A £4 MILLION archive charting the glorious and turbulent history of Britain's railways could be set up in York, the Evening Press can reveal.

Important documents dating back decades - recording the industry from Stephenson's Rocket and the Golden Age of steam to the turmoil of privatisation - would be housed at the National Railway Museum (NRM).

Museum bosses and private sponsors have pledged to stump up £460,000 while the University of York and the National Museum of Science and Industry have promised "significant sums".

But the project to create the unique national archive - dubbed the Search Engine - is still about £2 million short.

There is growing concern, highlighted by the House of Lords, that valuable documents will be lost unless there is urgent action.

Currently there is nowhere to deposit records from privatised railway companies, which cannot be displayed as they are not public documents. This means many are simply destroyed.

During a Railways Bill debate, Lord Faulkner of Worcester tried unsuccessfully to insert an amendment forcing the Government to work with the NRM to secure a permanent home for the archives.

He said: "Unless that is done, there is a risk that the records of perhaps the most turbulent and historically important period of railway history in recent times will be lost to future generations."

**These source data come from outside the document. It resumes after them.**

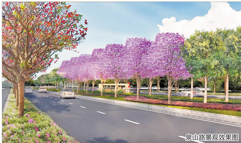
泉山路景观效果图

新建项目方面,重点推进江南大街(南环路—池峰路)道路绿地灾后改造提升项目、西福绿地泵房配套设施改造、泉山路道路绿地灾后改造提升项目、北环城河公园灾后改造提升项目、朋山岭立交连接线(朋山岭立交至双阳路口)道路绿地灾后改造提升项目、城西环路、城北环路、北门街等道路绿地灾后改造提升项目建设。推进泉宁路(滨海街—丰海路)、大兴街(东宏路至府西路)段道路绿地整治提升、东海隧道道路绿地(坪山路—东海隧道)景观改造提升等项目建设。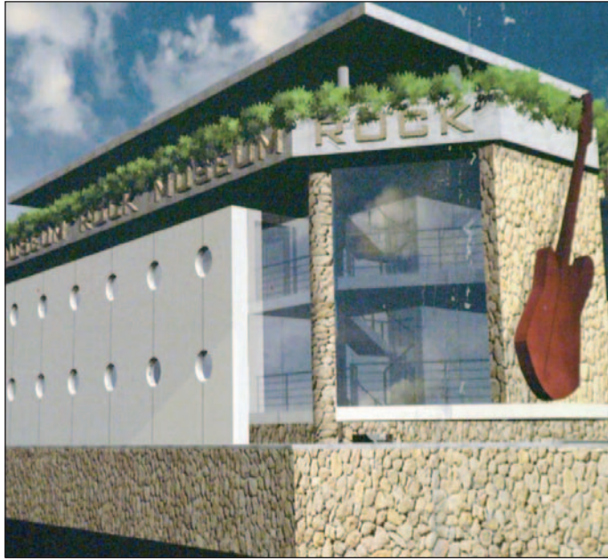
A miskolci Rockmúzeum látványterve.

És el, a szemközti megállóhoz. Onnan hallik: – Fiatalember!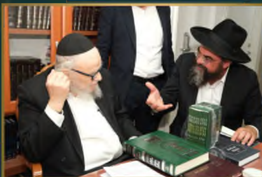
מועדון ראש הישיבה הגרמ"ה הירש שליט"א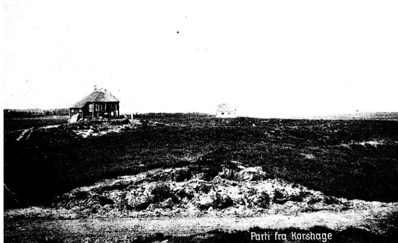
Parti fra Korshage Korshagehus og Børnenes hus set fra Øst.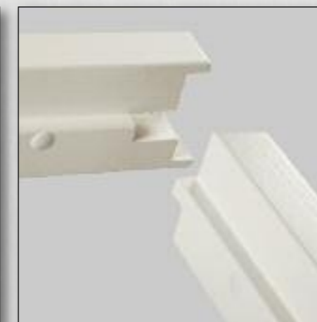
Verbinding bovendorpel normaal kozijn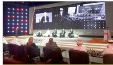
... وجوار فعالية وسائل الاتصال الحكومي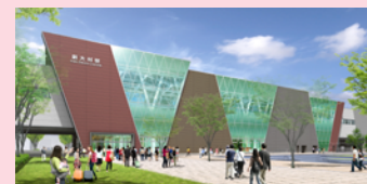
新大村駅(仮称)イメージ

新幹線の開業効果を最大限に発揮させるために、具体的な取組をまとめたものです。アクションプランの取組事業は、「オール大村」で推進することとしており、行政だけでなく、民間企業や市民などの多様な団体が連携・一致団結して進めていきます。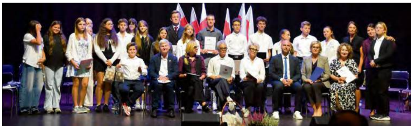
Tegoroczną odśłonę Narodowego Czytania poświęcono twórczości Jana Kochanowskiego – niekwestionowanego mistrza słowa z epoki renesansu.

To spotkanie z literaturą przerodziło się w coś więcej niż tylko lektura – stało się wymownym symbolem zaangażowania w ochronę czystości języka i kultywowanie narodowych tradycji. Wspólne czytanie okazało się bezcennym doświad-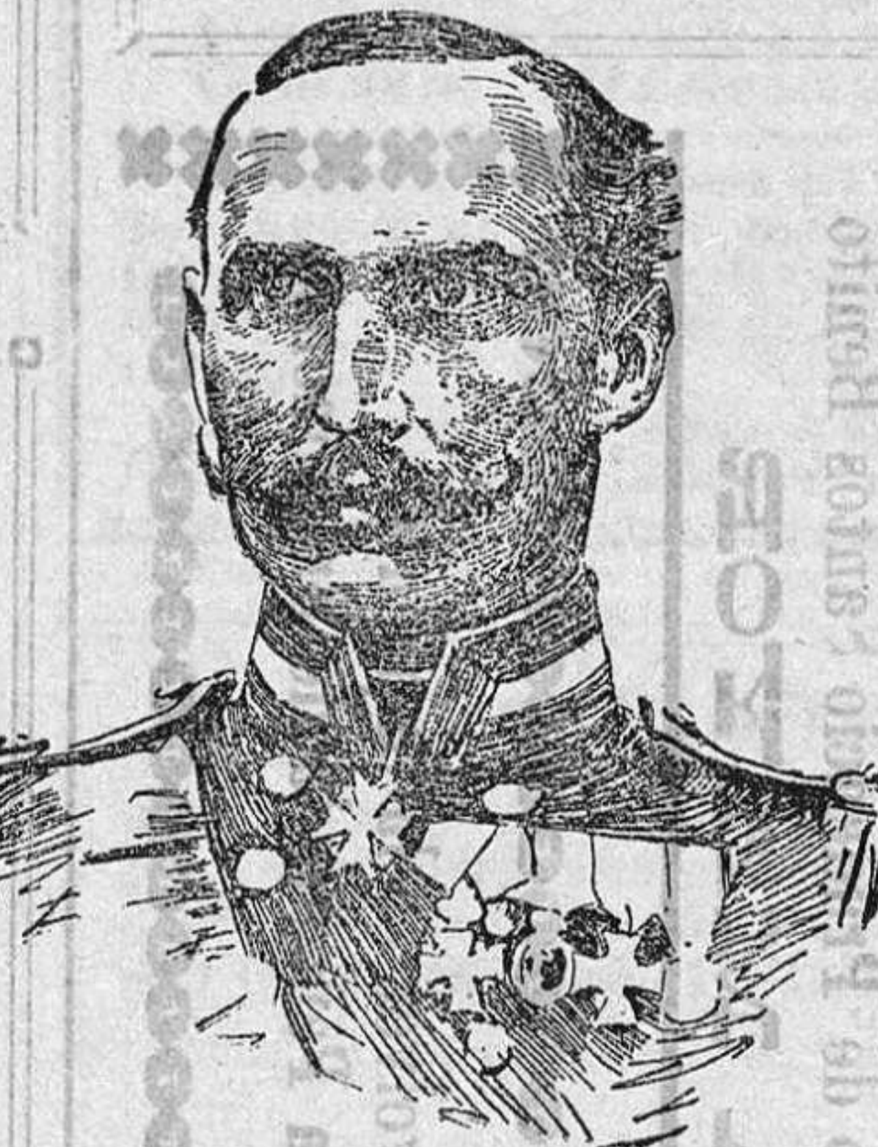
Haakon VII de Noruega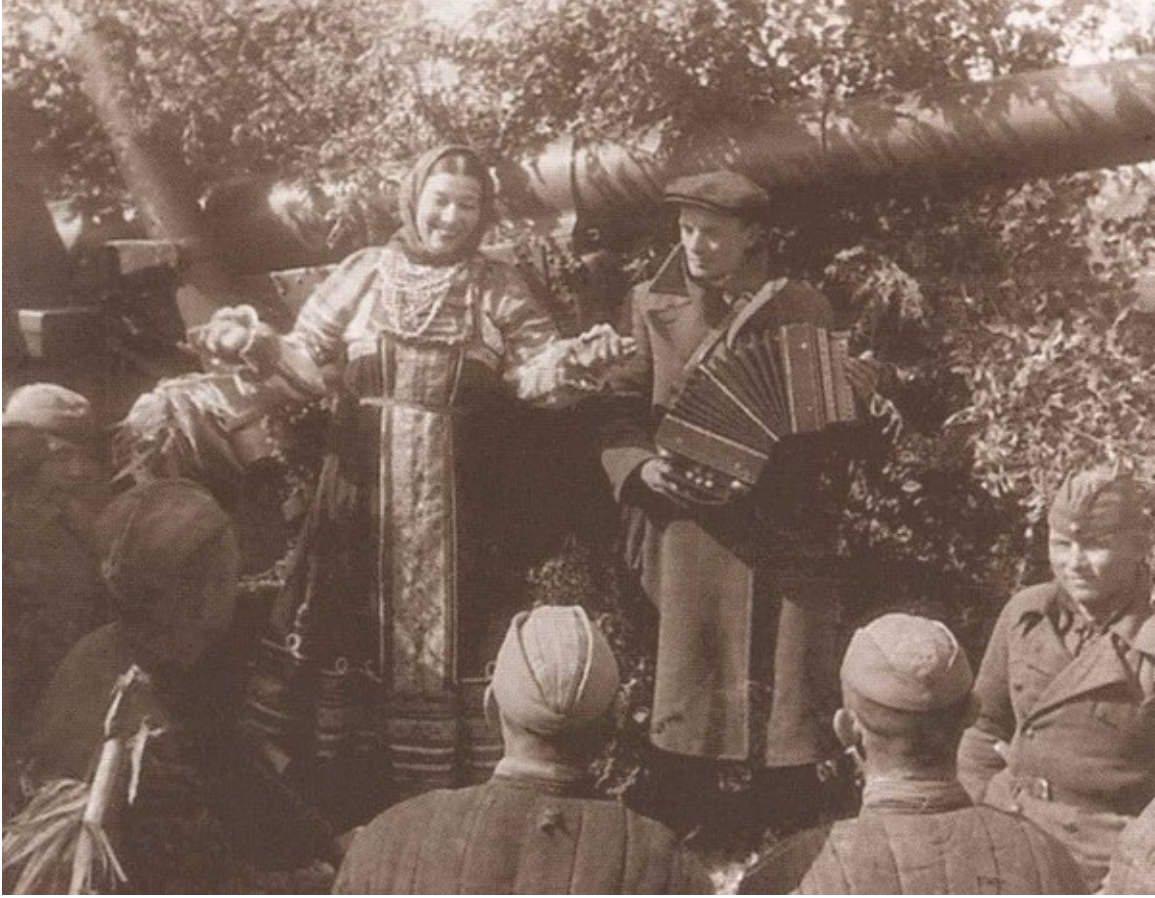
Выступление фронтовой концертной бригады перед бойцами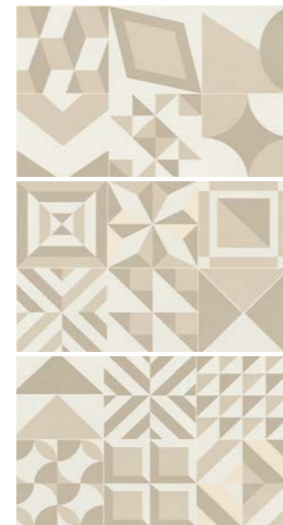
0417011 MARMETTE NOCCIOLA 1/2/3 25x40

Abbinabile a / Matching with / Peut s'associer avec / Kombinierbar mit

Peers insisted thousands of documents would be available for public scrutiny. But the material is currently housed in "very low-standard accommodation, which is getting worse, and is inaccessible."

Lord Davies of Oldham, the Government's Transport Minister in the Lords,

said it was "very important" to preserve documents from Britain's industrial

past.

He said: "The history of our railways, which have shaped our lives in so many ways, is an important part of that."

But he said establishing a railway archive was a matter for the Science Museum, which oversees the NRM.

Lord Davies said: "There is nothing to prevent the privatised rail companies offering their papers to the trustees should they do so, nor is there anything to prevent the trustees accepting them."

The NRM said there was a need for greater public access to the wealth of archives stored at the museum.

But the museum stressed that documents currently held would not be lost if the "Search Engine" scheme derailed.